> _Instructions to follow_:
The output should be every line below, retyped exactly, with no images.

> _Provided material_:
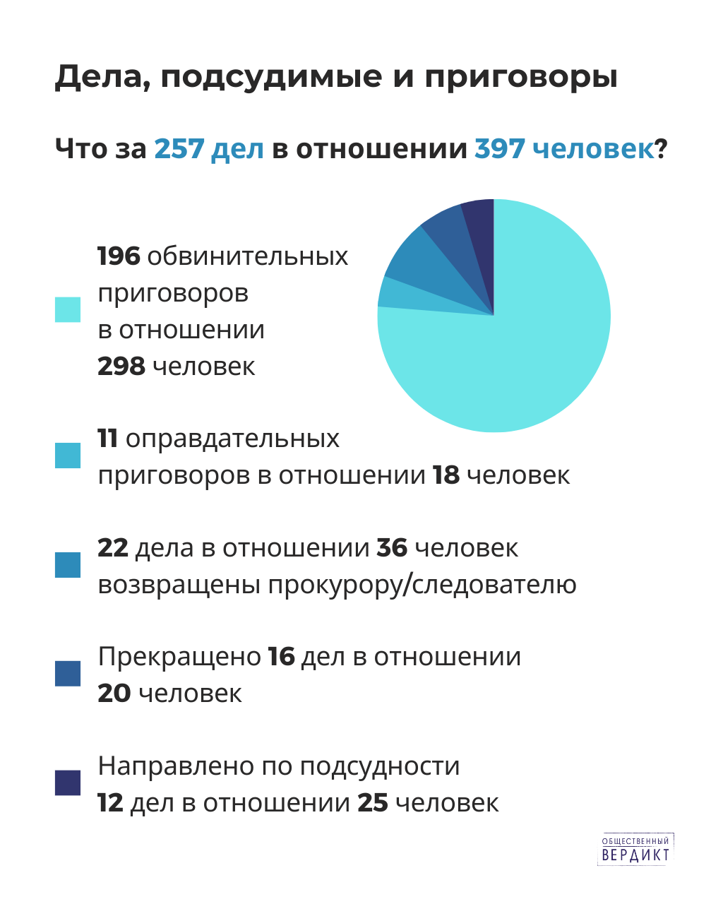 Мы выбирали те дела, по которым в 2022 году были вынесены судебные решения (приговоры, постановления о возвращении дела прокурору/следователю и пр.).
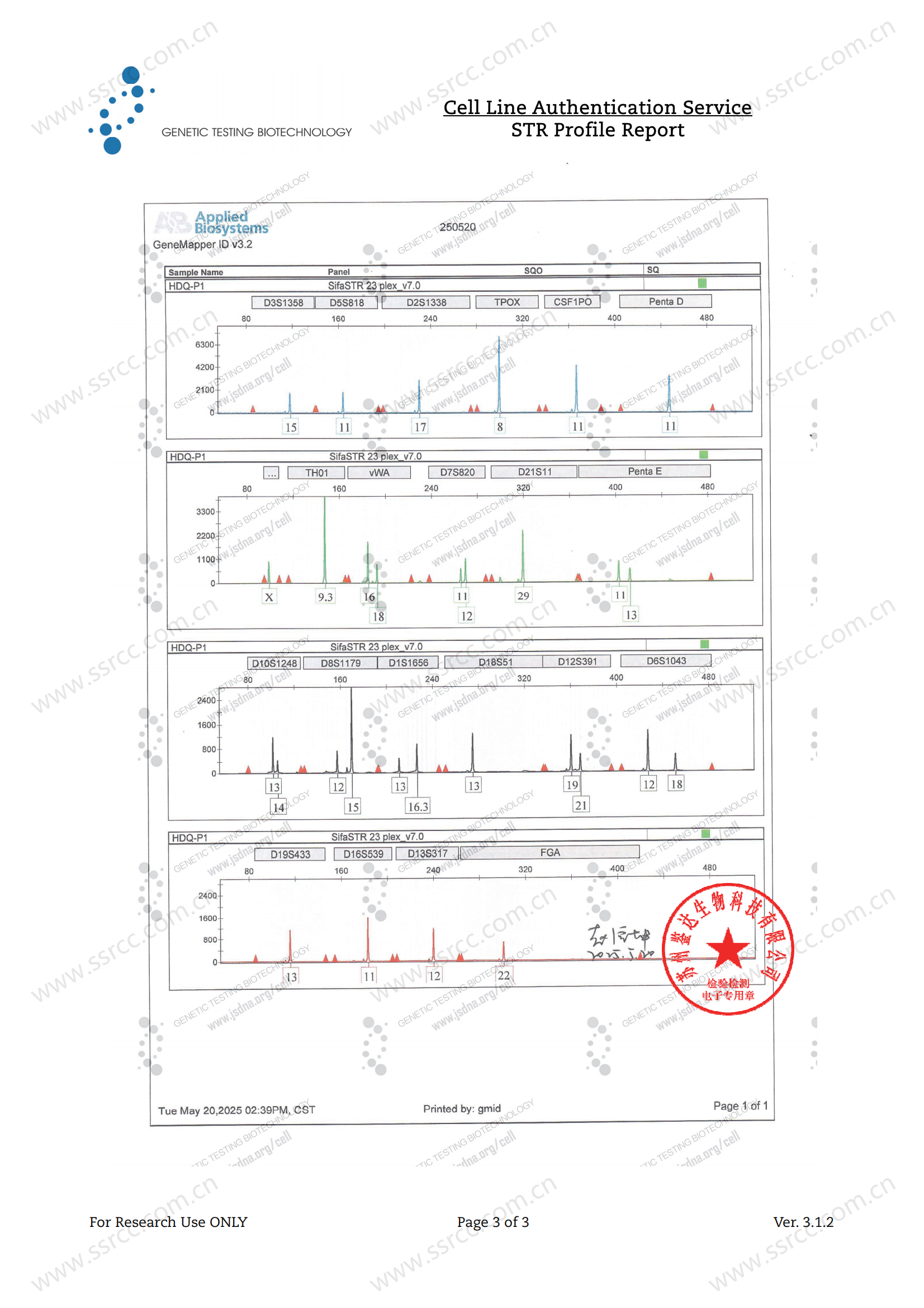 Amelogenin X CSF1PO 11 D2S1338 17 D3S1358 15 D5S818 11 D7S820 11,12 D8S1179 12,15 D13S317 12 D16S539 11 D18S51 13 D19S433 13 D21S11 29 FGA 22 Penta D 11 Penta E 11,13 TH01 9.3 TPOX 8 vWA 16,18 |
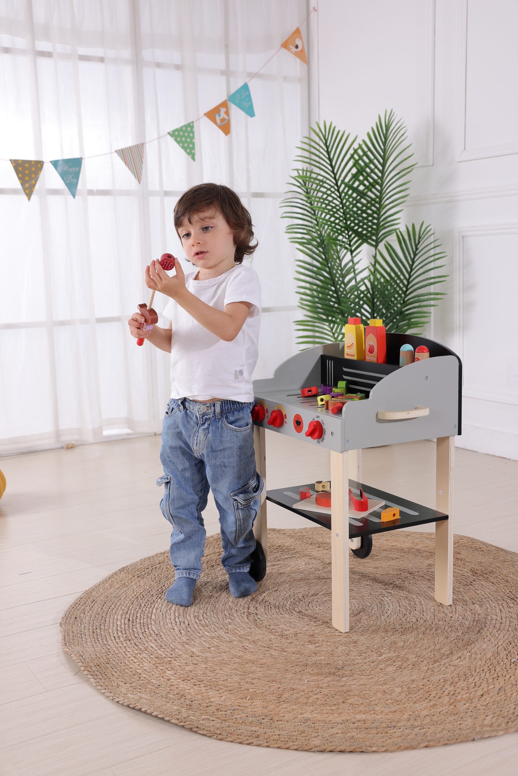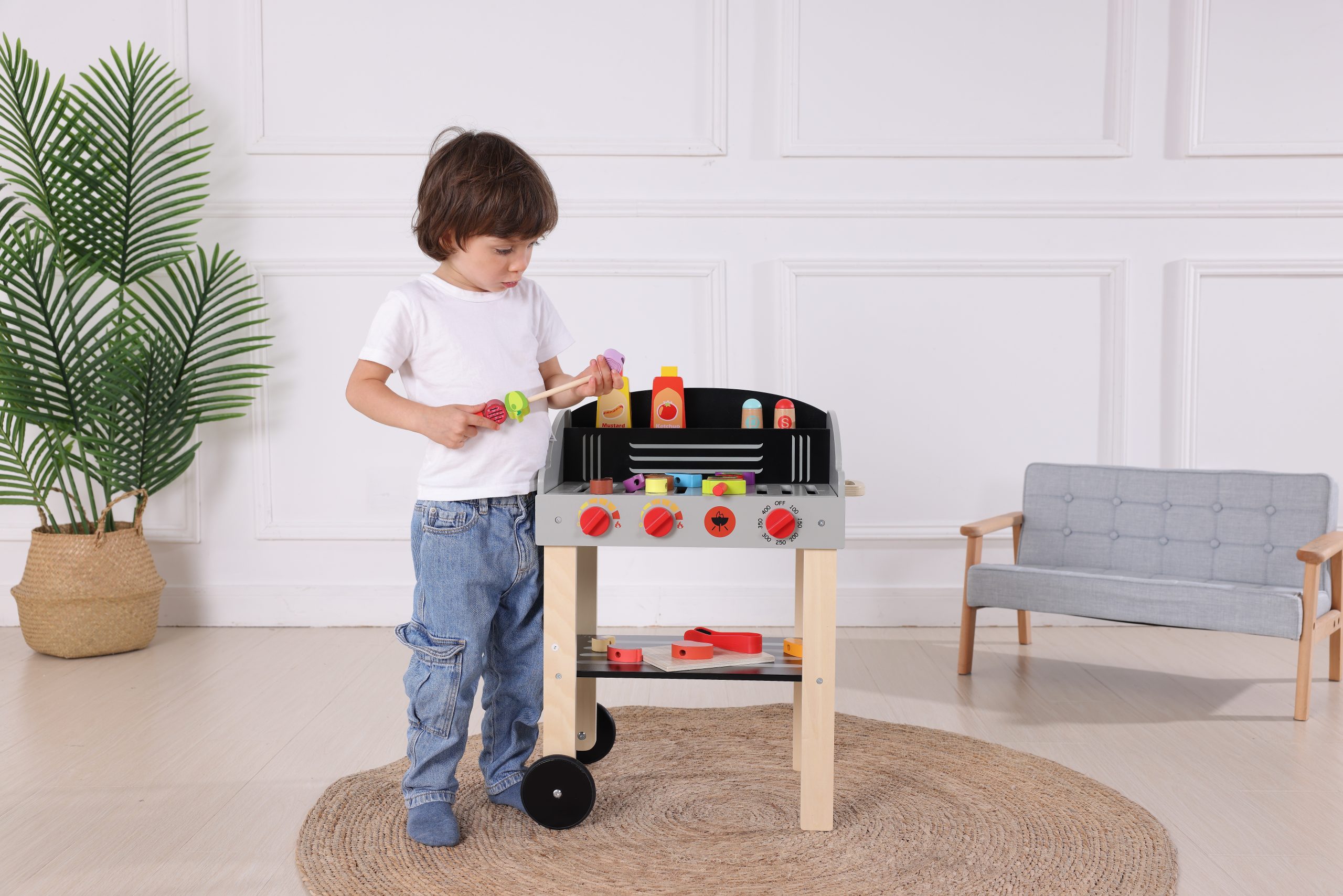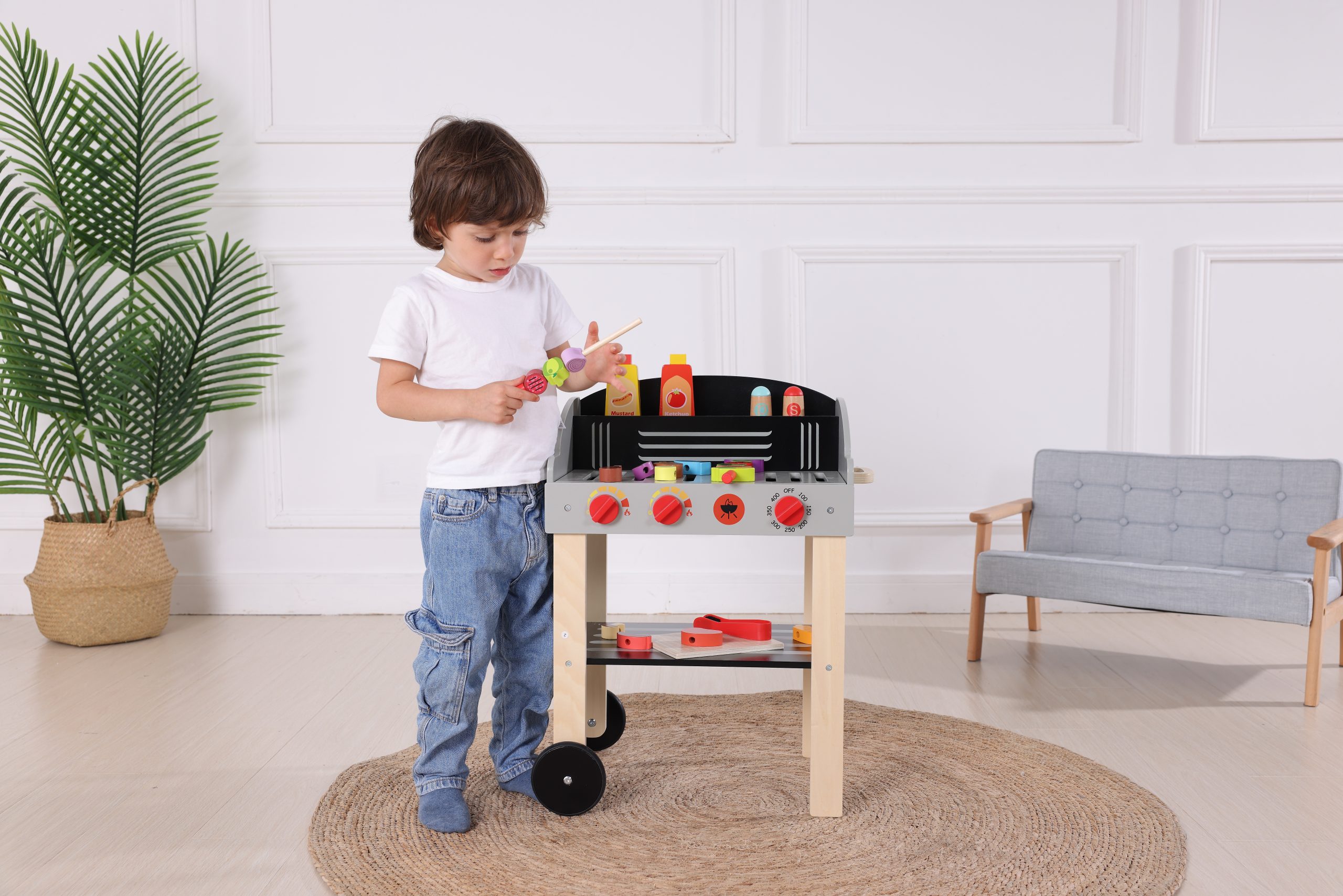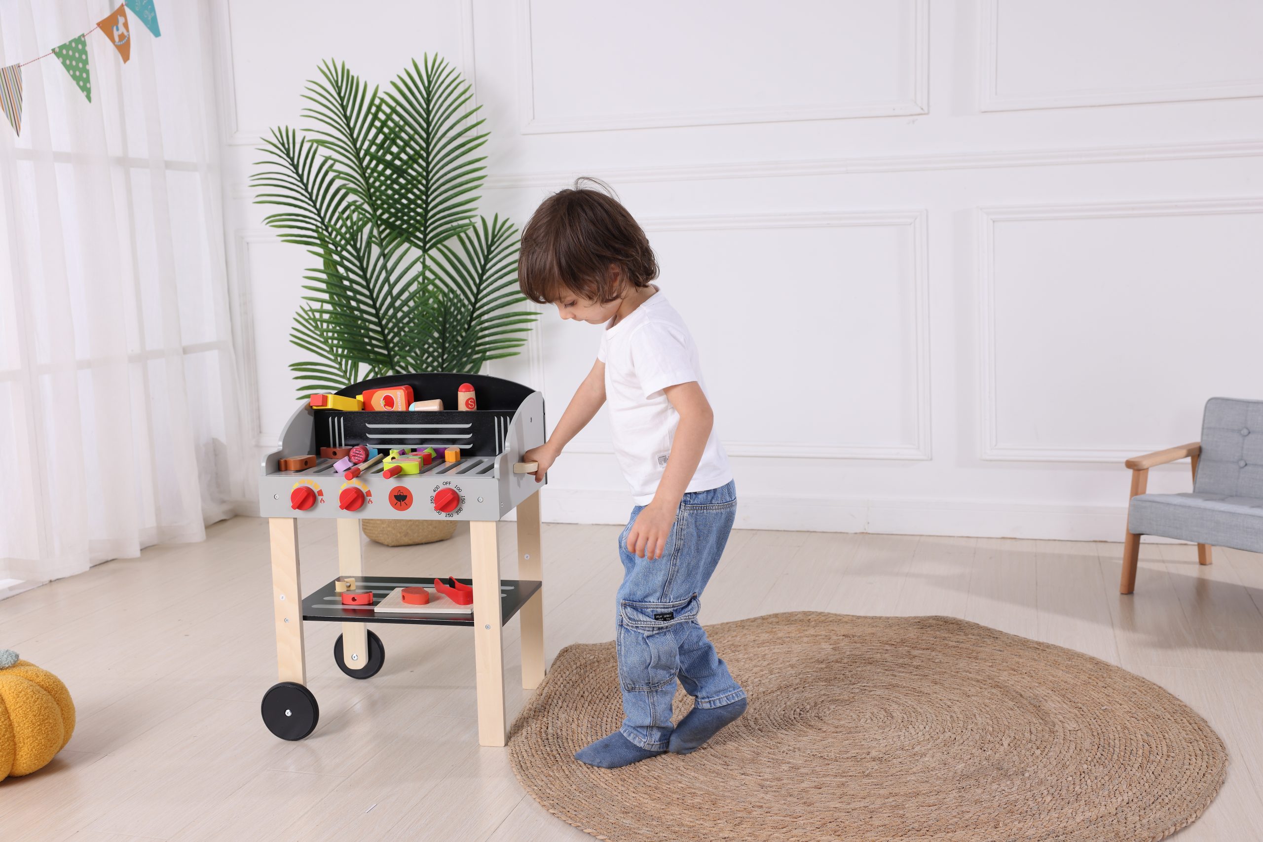 Drveni set za roštilj – Grill Play Set savršen je za male kuhare koji vole igru i kreativnost. Ovaj set uključuje 27 komada pribora, namirnica i dodataka za pripremu ukusnih “jela” na roštilju. Djeca mogu okretati meso, ribu i povrće, dodavati kečap i senf, posipati začine te koristiti roštiljsku lopaticu kako bi stvorila vlastite kulinarske kreacije. Set dolazi s realističnim detaljima poput bočica za umake, soli, papra, povrća, mesa i ribe. Izrađen od kvalitetnog drva, siguran je za djecu i potiče razvoj mašte, motoričkih vještina i socijalne interakcije kroz igru uloga.

> _Task output_:
 Мы выбирали те дела, по которым в 2022 году были вынесены судебные решения (приговоры, постановления о возвращении дела прокурору/следователю и пр.).
 Amelogenin X CSF1PO 11 D2S1338 17 D3S1358 15 D5S818 11 D7S820 11,12 D8S1179 12,15 D13S317 12 D16S539 11 D18S51 13 D19S433 13 D21S11 29 FGA 22 Penta D 11 Penta E 11,13 TH01 9.3 TPOX 8 vWA 16,18 |
 Drveni set za roštilj – Grill Play Set savršen je za male kuhare koji vole igru i kreativnost. Ovaj set uključuje 27 komada pribora, namirnica i dodataka za pripremu ukusnih “jela” na roštilju. Djeca mogu okretati meso, ribu i povrće, dodavati kečap i senf, posipati začine te koristiti roštiljsku lopaticu kako bi stvorila vlastite kulinarske kreacije. Set dolazi s realističnim detaljima poput bočica za umake, soli, papra, povrća, mesa i ribe. Izrađen od kvalitetnog drva, siguran je za djecu i potiče razvoj mašte, motoričkih vještina i socijalne interakcije kroz igru uloga.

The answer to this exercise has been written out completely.